The TTS pipeline spans Rust (Tauri backend) and TypeScript (React frontend):
Narration Text
    ↓ (split-sentences)
Sentence Array
    ↓ (koko CLI)
WAV Audio + TSV Timing
    ↓ (merge)
Single Audio Track + Word Timings
    ↓ (base64 encode)
SynthesisResult
    ↓ (audio-player.ts)
HTML5 Audio Playback

Kokoro Model

Kokoro is a lightweight ONNX-based TTS model optimized for speed and quality:
  • Model size: ~50MB (onnx) + ~30MB (voices)
  • Inference speed: ~0.2s for a 10-word sentence on M1 Mac
  • Voice quality: Natural prosody, minimal robotic artifacts
  • Voices: 60+ voices (American, British, Australian accents)

Model Files

Kokoro requires two files in the app resources:
resources/
├── kokoro-v1.0.onnx      # Neural TTS model
└── voices-v1.0.bin       # Voice embeddings
These are bundled with the Tauri app and resolved at runtime (src-tauri/src/tts/paths.rs).

Voice Selection

Default voice: am_michael (American male) Override via environment variable:
export HANDHOLD_TTS_VOICE=bf_emma  # British female
If the selected voice fails, the system falls back to bf_emma (src-tauri/src/tts/synth.rs:46-73).

Synthesis Process

1. Sentence Splitting (src-tauri/src/tts/split.rs)

Narration text is split into sentences to improve timing accuracy:
fn split_sentences(text: &str) -> Vec<(usize, &str)> {
    // Returns: [(char_offset, sentence_text), ...]
    // Splits on: . ! ? with trailing space/newline
    // Preserves sentence boundaries for timing alignment
}
Example:
"Hello world. This is a test."

[(0, "Hello world."), (13, "This is a test.")]

2. Koko Invocation (src-tauri/src/tts/synth.rs)

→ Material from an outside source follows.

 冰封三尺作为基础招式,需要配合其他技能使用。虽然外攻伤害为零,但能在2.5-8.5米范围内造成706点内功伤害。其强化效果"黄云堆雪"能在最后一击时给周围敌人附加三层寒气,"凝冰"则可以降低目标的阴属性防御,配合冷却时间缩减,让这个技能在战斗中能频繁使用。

Each sentence is synthesized independently:
let output = Command::new(&koko_bin)
    .env("ESPEAK_DATA_PATH", espeak_data)
    .args([
        "-m", model_path,
        "-d", voices_path,
        "-s", voice,          // e.g., "am_michael"
        "--mono",             // Single audio channel
        "text", sentence,
        "--timestamps",       // Generate word timings
        "-o", wav_path
    ])
    .output()?;
Outputs:
  • temp_N.wav - 16-bit PCM WAV audio
  • temp_N.tsv - Word timing data

3. Word Timing Extraction (src-tauri/src/tts/timing.rs)

TSV format from Koko:
0	120	Hello
120	250	world
Columns: start_ms, end_ms, word Parsed into:
pub struct WordTiming {
    pub word: String,
    pub word_index: usize,
    pub char_offset: usize,
    pub start_ms: f64,
    pub end_ms: f64,
}
Global offset accounting: Word timings from sentence N are offset by the cumulative duration of sentences 0..N-1.

4. Audio Concatenation (src-tauri/src/tts/wav.rs)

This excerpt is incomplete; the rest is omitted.